Input for this task:
BEGIN
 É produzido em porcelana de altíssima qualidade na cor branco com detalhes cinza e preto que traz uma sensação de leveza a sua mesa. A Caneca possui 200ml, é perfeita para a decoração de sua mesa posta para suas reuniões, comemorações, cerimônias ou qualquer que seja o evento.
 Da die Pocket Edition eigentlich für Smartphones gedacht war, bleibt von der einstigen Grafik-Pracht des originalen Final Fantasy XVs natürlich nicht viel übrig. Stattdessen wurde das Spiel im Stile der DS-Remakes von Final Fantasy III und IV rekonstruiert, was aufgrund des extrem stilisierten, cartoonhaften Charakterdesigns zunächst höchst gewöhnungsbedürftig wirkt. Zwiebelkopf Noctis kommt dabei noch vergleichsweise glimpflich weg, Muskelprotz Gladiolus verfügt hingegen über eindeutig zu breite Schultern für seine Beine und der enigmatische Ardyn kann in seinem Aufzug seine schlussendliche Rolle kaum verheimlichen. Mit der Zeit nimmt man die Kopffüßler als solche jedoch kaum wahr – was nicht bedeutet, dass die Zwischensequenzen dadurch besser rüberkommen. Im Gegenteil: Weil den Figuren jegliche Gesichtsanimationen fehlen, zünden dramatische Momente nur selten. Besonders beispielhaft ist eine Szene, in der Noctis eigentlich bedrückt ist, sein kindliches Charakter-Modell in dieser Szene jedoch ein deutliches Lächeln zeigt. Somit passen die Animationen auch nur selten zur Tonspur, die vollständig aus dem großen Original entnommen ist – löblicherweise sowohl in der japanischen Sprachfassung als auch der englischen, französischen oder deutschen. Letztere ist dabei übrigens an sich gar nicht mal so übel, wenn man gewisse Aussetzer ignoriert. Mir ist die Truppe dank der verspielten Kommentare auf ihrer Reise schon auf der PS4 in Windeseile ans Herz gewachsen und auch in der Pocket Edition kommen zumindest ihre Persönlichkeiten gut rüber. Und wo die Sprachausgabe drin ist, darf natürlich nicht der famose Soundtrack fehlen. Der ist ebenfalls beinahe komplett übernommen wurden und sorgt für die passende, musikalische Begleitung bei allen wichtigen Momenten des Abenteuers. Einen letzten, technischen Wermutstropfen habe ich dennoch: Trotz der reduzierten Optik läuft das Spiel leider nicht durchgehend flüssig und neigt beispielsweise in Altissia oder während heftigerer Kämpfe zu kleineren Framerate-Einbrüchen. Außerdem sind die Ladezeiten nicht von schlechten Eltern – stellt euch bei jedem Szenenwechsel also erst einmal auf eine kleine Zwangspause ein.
END
BEGIN
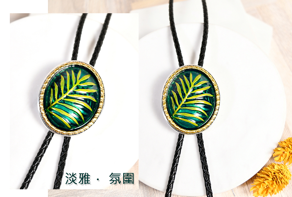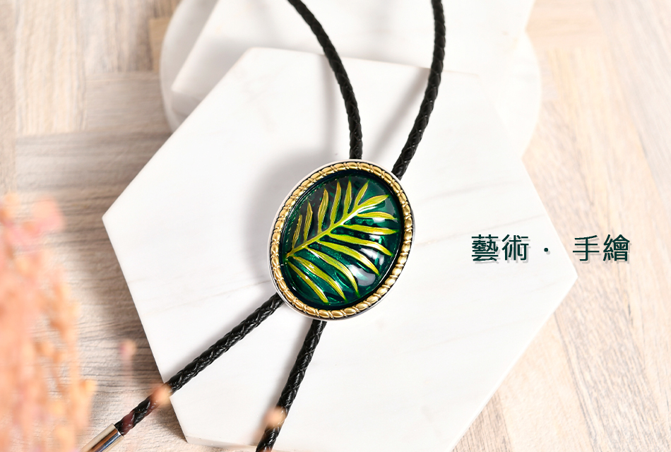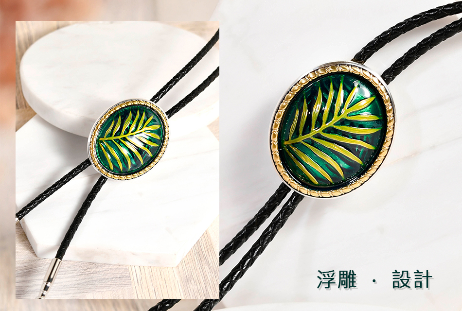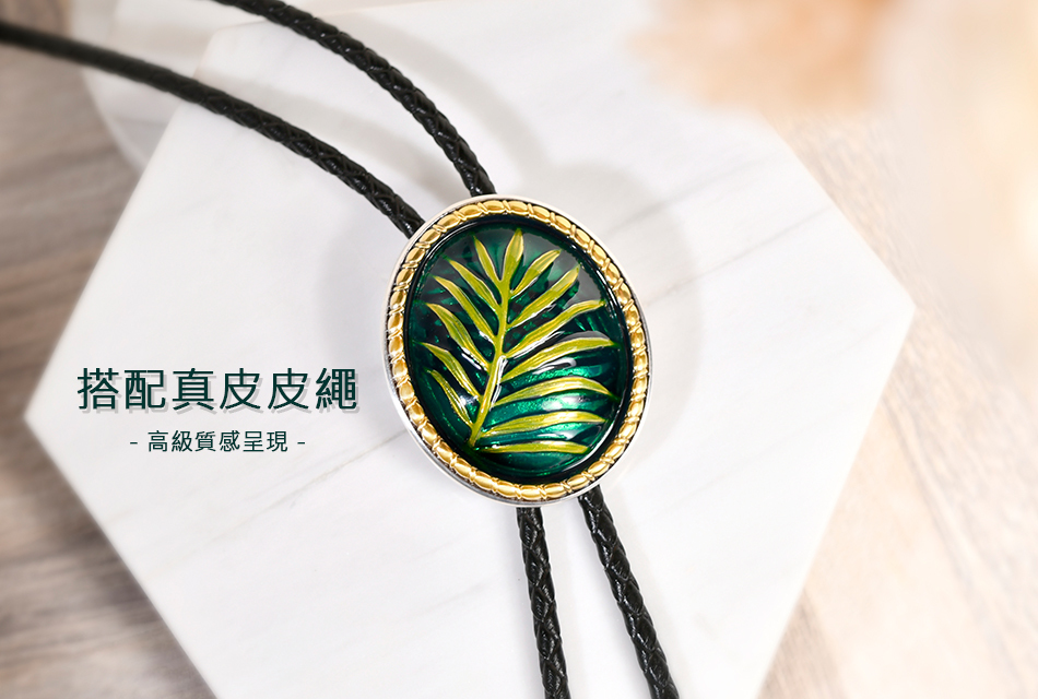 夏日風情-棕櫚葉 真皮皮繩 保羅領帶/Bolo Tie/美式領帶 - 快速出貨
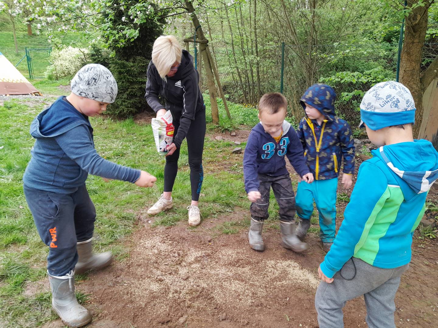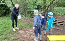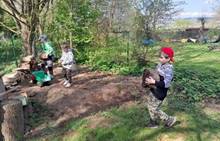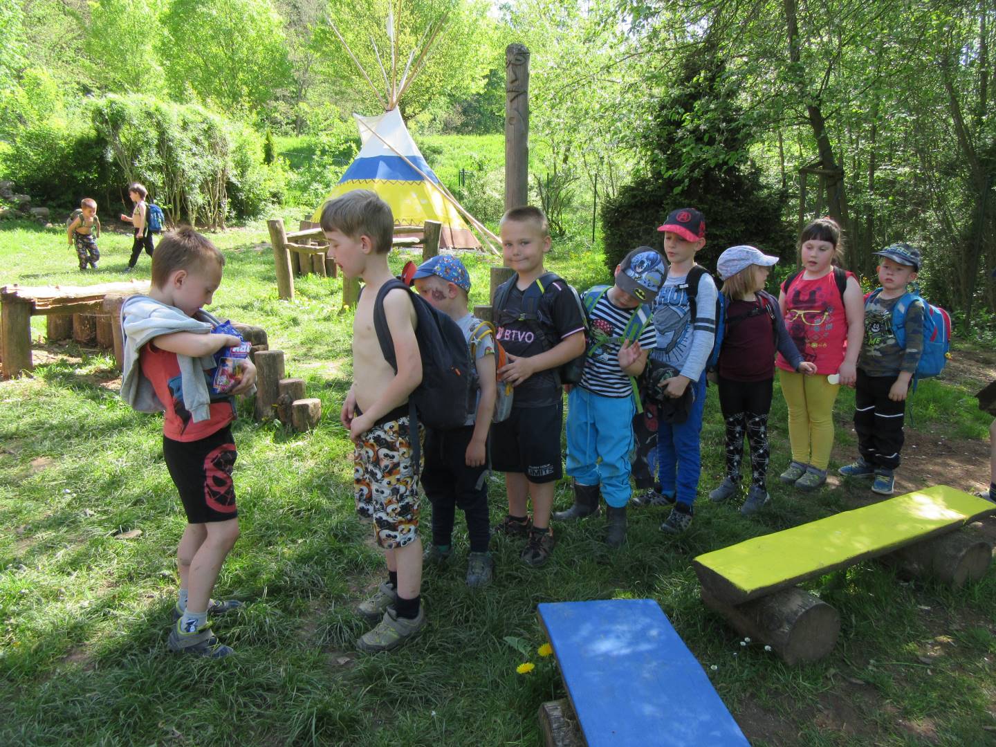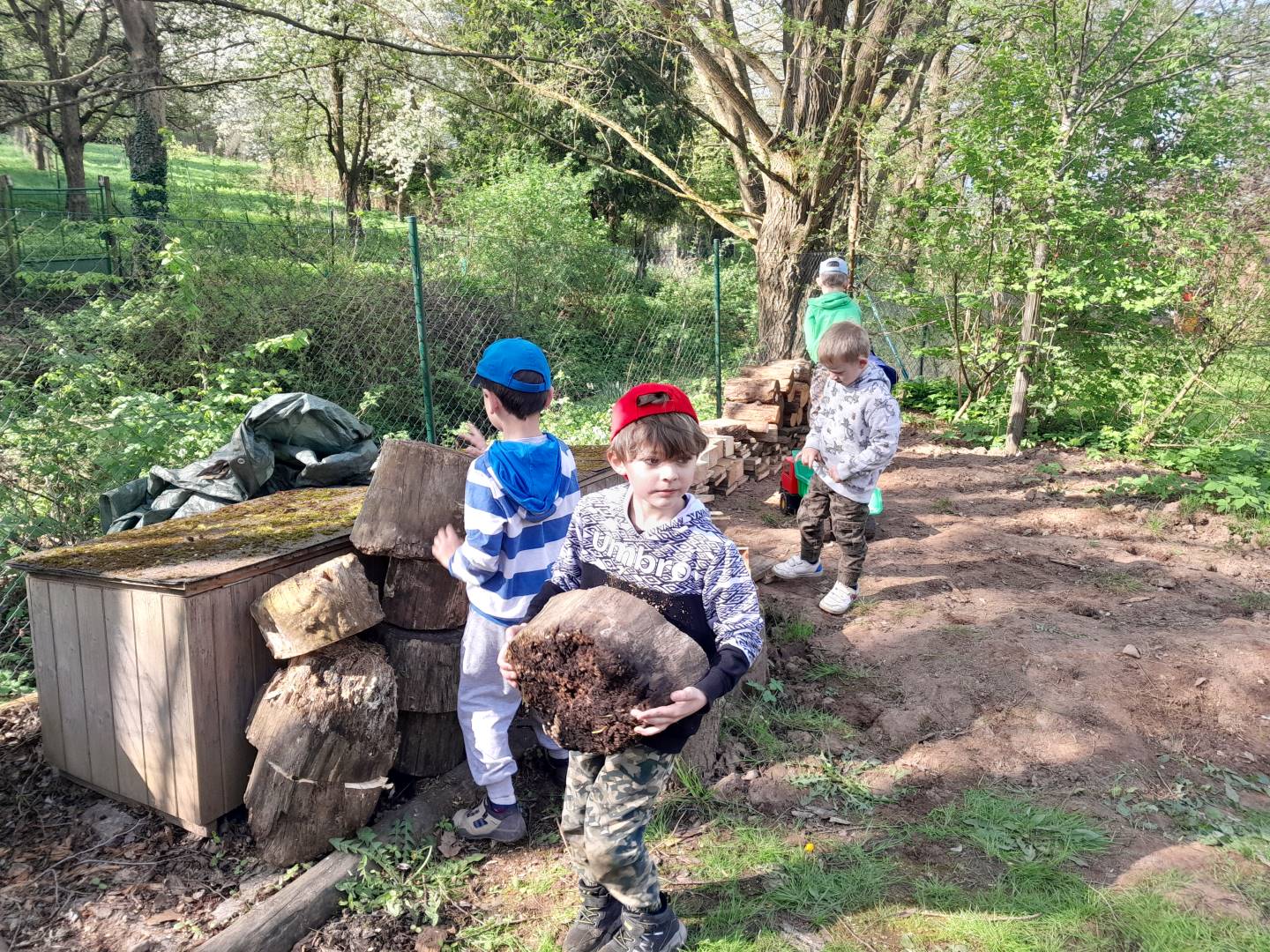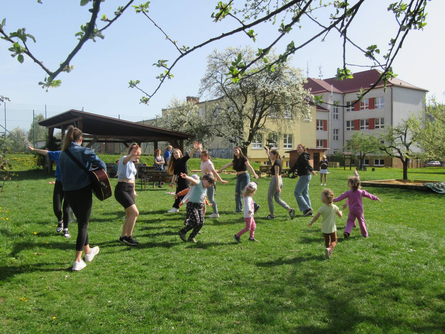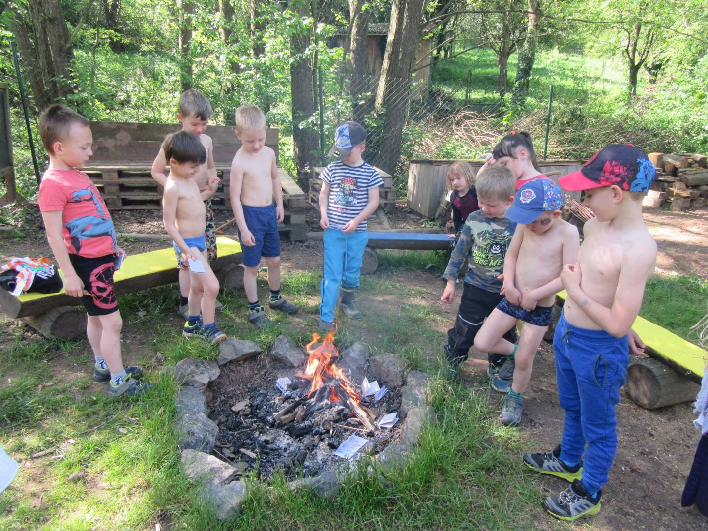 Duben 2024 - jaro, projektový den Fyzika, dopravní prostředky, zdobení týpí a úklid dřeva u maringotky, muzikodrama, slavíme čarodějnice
END
About this task: The material above holds pictures; leave them out. Repeat exactly the lines from the one containing "夏日風情-棕櫚葉 真皮皮繩 保羅領帶/Bolo Tie/美式領帶 - 快速出貨" through the one containing "Duben 2024 - jaro, projektový", and nothing else.

Response to this exercise:
 夏日風情-棕櫚葉 真皮皮繩 保羅領帶/Bolo Tie/美式領帶 - 快速出貨
 Duben 2024 - jaro, projektový den Fyzika, dopravní prostředky, zdobení týpí a úklid dřeva u maringotky, muzikodrama, slavíme čarodějnice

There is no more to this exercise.